What a disgraceful International Women's Day in Northern Europe.
And more is threatened in the implosion of the EU to vanquish them and their lives and freedoms and autonomy and dignity for generations to come.
Equivalent figures for the UK: -£17,457 m (Q3 2015) and 89% (roughly 1.6 TRILLION pounds, by the way).
I don't think you know what you are talking about.
http://sverigesradio.se/sida/artikel.aspx?programid=2054&artikel=5989372
Enjoy...
Inform yourself, read Sweden's newspapers and other data on Sweden since August 2015 and how they have had to fund the arrival of hundreds of thousands they support entirely for all their needs at their high social benefit standards.
Give some due to those who write in the LRB BLog to engage in substantive dialogue and write when informed with the expectation for valuable substantive informed exchange, polite and respectful, rather than rubbish personal verbal spats.

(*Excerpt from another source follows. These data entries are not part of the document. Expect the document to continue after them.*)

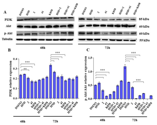 (A) PI3K and AKT expression levels in AGS cell line treated with HSD (180 μM), 2 (1 μM), 41 (5 μM), K858 (1 μM), and a combination of HSD with each Eg5 inhibitor for 48 and 72 h. DMSO 0.5%: control vehicle. Data are reported as mean ± SD of three independent experiments. Tubulin is used as a loading control. (B,C) The bar graph displays densitometric values expressed as mean ± SD normalized on loading control. *** p < 0.0001; ** p < 0.001.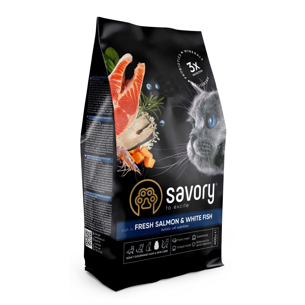 Каталог товаров : Сухий корм для котів > Сухой корм Savory Adult Cat Gourmand для длинношерстных котов с лососем и белой рыбой 400г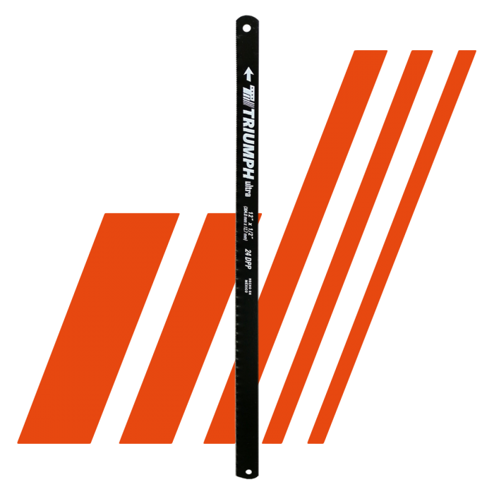SEGUETA TRIUMPH ULTRA 24DPP Las seguetas bimetálicas Ultra son fabricadas con acero de alta velocidad M2 de la más alta calidad y acero flexible con alto contenido de carbono. La combinación de aceros y proceso de temple de alta tecnología nos permite un rendimiento extraordinario y un cuerpo flexible resistente a la rotura. Para uso en metal, lamina, pernos, canales, varillas de perforación, varillas roscadas, tubos, tuberías y madera.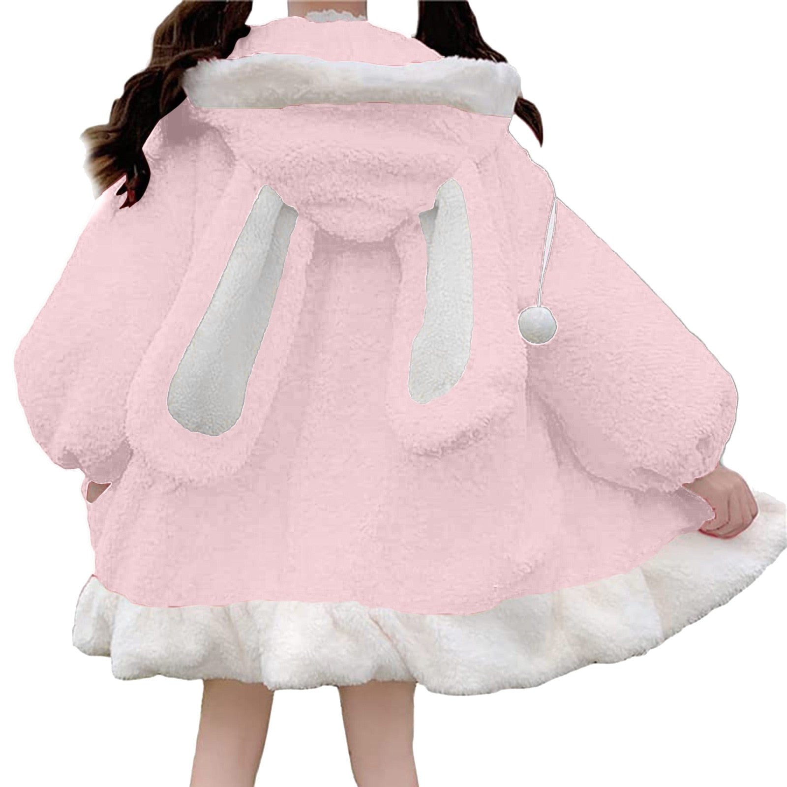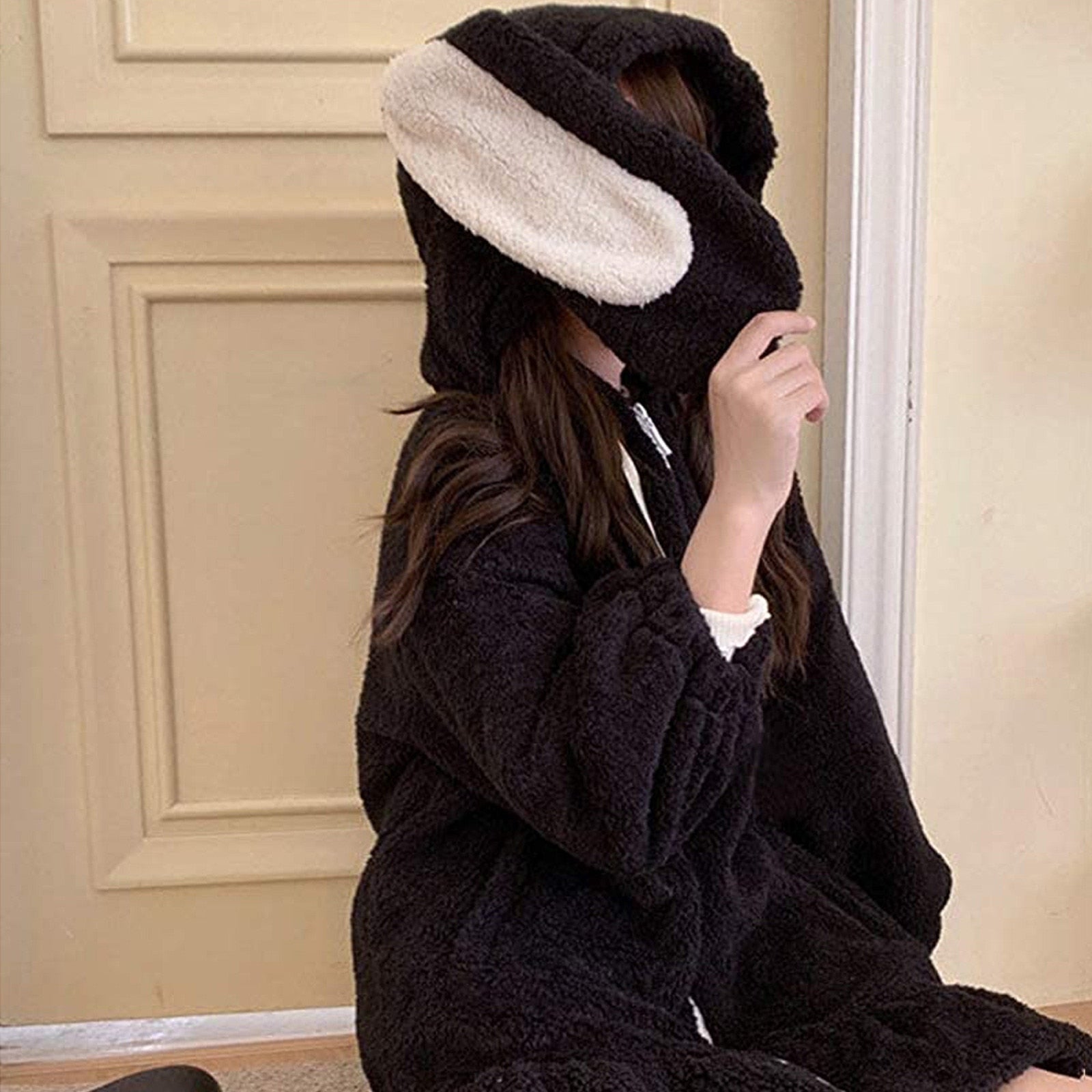 Rabbit Ears Hoodies Women Zip-up Sweatshirts Coat Long Lantern Sleeve Hooded Lolita Cute Sweet Girls Harajuku Warm Baggy OutfitsSPECIFICATIONS

Pointing us to 'Sweden's Newspapers' is unhelpful: searching for information about the various issues in English leads immediately to an article in the Daily Express (and another in the Mail) which immediately confirms all your prejudices, but is very light on references (i.e. none). I also did have a look at other sources, including Swedish newspapers across the political spectrum. The results were mixed: the tabloids were predictably inflammatory, the others reflected their political character. The police in Östersund seem to have gone out of their way not to make racially inflammatory statements (so as not to encourage the Sweden Democrats). But who ever said newspapers were reliable? You could at least give us some links to relevant information so we can assess their value.
Do you live in Sweden? You seem very concerned. Or are you just scouring the internet to find information supporting your anti-EU and -Schengen worldview?
By the way, on such attitudes as yours, pogroms are made: http://www.telegraph.co.uk/news/worldnews/europe/sweden/12131460/swedish-far-right-migrant-attack-stockholm.html
This is not to belittle the social problems with which Östersund, and Sweden, now find themselves saddled. But it's a policing problem. It will be dealt with. Sweden (in common with all EU member states) was not a sexual violence free zone before 2015.